> _Dataset_
════════

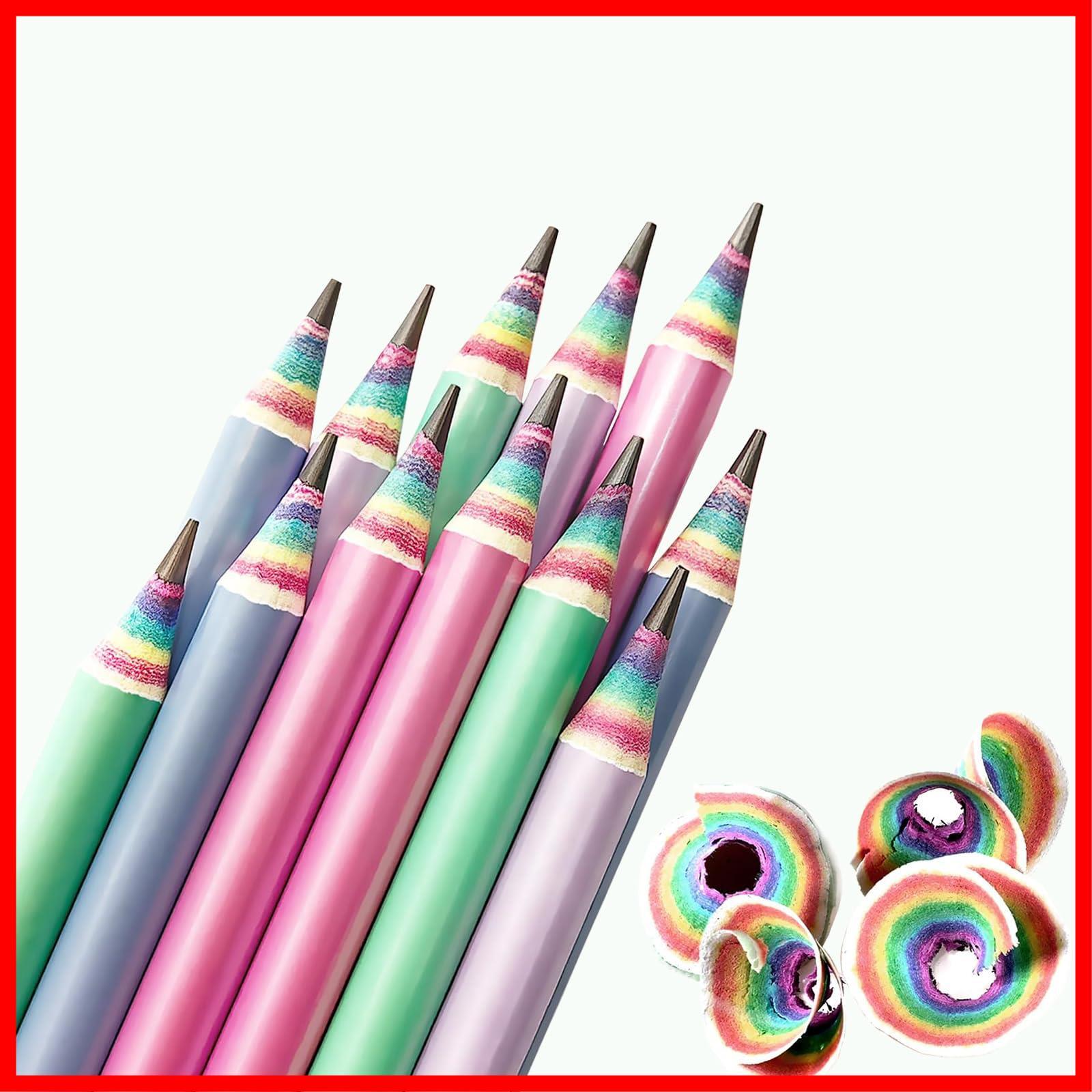【斬新なデザイン】レインボーペンシルの内側は、再生紙で作られた美しい虹の形。鉛筆を削ると、先端に美しい虹が現れ、幻想的な描き心地を体験できます。レインボーペーパー2Bペンシル外装 ピンク、ブルー、パープル、イエロー、グリーン、オレンジの鮮やかなパールカラーでデザインされ、先端はレインボーカラー(ご注意ください鉛筆の替え芯はすべて黒)。 合計12本入り。12本セット(1ダース)で、お得に楽しめま。
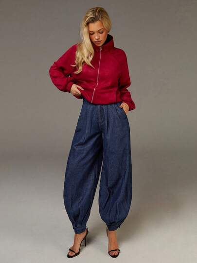Athîral 女士高腰褶裥休闲宽松锥形裤 - 藍色 - 查看 1
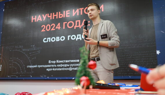 Вечер начался с подведения научных итогов года. Филолог Егор Константинов рассказал о том, какое слово года выбрали эксперты. И это слово «вайб» — атмосфера, эмоциональное состояние или общее чувство, которое исходит от чего-либо или кого-либо.
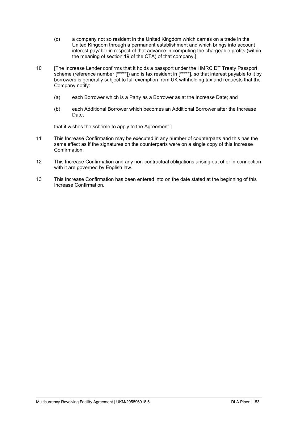 Multicurrency Revolving Facility Agreement | UKM/205896918.6 DLA Piper | 153 (c) a company not so resident in the United Kingdom which carries on a trade in the United Kingdom through a permanent establishment and which brings into account interest payable in respect of that advance in computing the chargeable profits (within the meaning of section 19 of the CTA) of that company.] 10 [The Increase Lender confirms that it holds a passport under the HMRC DT Treaty Passport scheme (reference number [*****]) and is tax resident in [*****], so that interest payable to it by borrowers is generally subject to full exemption from UK withholding tax and requests that the Company notify: (a) each Borrower which is a Party as a Borrower as at the Increase Date; and (b) each Additional Borrower which becomes an Additional Borrower after the Increase Date, that it wishes the scheme to apply to the Agreement.] 11 This Increase Confirmation may be executed in any number of counterparts and this has the same effect as if the signatures on the counterparts were on a single copy of this Increase Confirmation. 12 This Increase Confirmation and any non-contractual obligations arising out of or in connection with it are governed by English law. 13 This Increase Confirmation has been entered into on the date stated at the beginning of this Increase Confirmation.
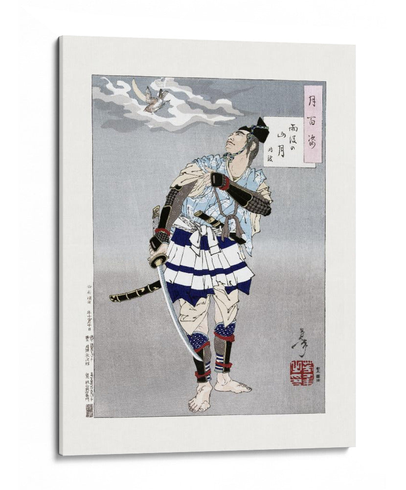 Sumérgete en la fuerza y la tradición con este cautivador cuadro decorativo del icónico artista japonés Tsukioka Yoshitoshi. Titulada 'Samurái japonés (1885)', esta obra maestra captura un momento de profunda contemplación o anticipación. Un samurái, vestido con ropajes tradicionales en tonos azules y blancos, se alza con determinación, su mirada elevada hacia el cielo nublado donde un ave revolotea. La composición, con su paleta de grises, azules y toques de rojo, evoca una atmósfera de solemnidad y resiliencia. Los detalles intrincados de su vestimenta y armadura, junto con la pose dinámica, invitan a la reflexión sobre el honor, el deber y la conexión con la naturaleza. Este cuadro decorativo es ideal para añadir un toque de historia y carácter a tu sala de estar, estudio u oficina, sirviendo como un punto focal que inspira respeto y admiración. Perfecto para los amantes del arte japonés, la historia samurái y las piezas con una narrativa visual potente.

════════

> _Task instructions_
Hand back the exact lines from the start of the entries to the line with "Вечер начался с", both ends kept and pictures left out.

> _Response below_
【斬新なデザイン】レインボーペンシルの内側は、再生紙で作られた美しい虹の形。鉛筆を削ると、先端に美しい虹が現れ、幻想的な描き心地を体験できます。レインボーペーパー2Bペンシル外装 ピンク、ブルー、パープル、イエロー、グリーン、オレンジの鮮やかなパールカラーでデザインされ、先端はレインボーカラー(ご注意ください鉛筆の替え芯はすべて黒)。 合計12本入り。12本セット(1ダース)で、お得に楽しめま。
Athîral 女士高腰褶裥休闲宽松锥形裤 - 藍色 - 查看 1
 Вечер начался с подведения научных итогов года. Филолог Егор Константинов рассказал о том, какое слово года выбрали эксперты. И это слово «вайб» — атмосфера, эмоциональное состояние или общее чувство, которое исходит от чего-либо или кого-либо.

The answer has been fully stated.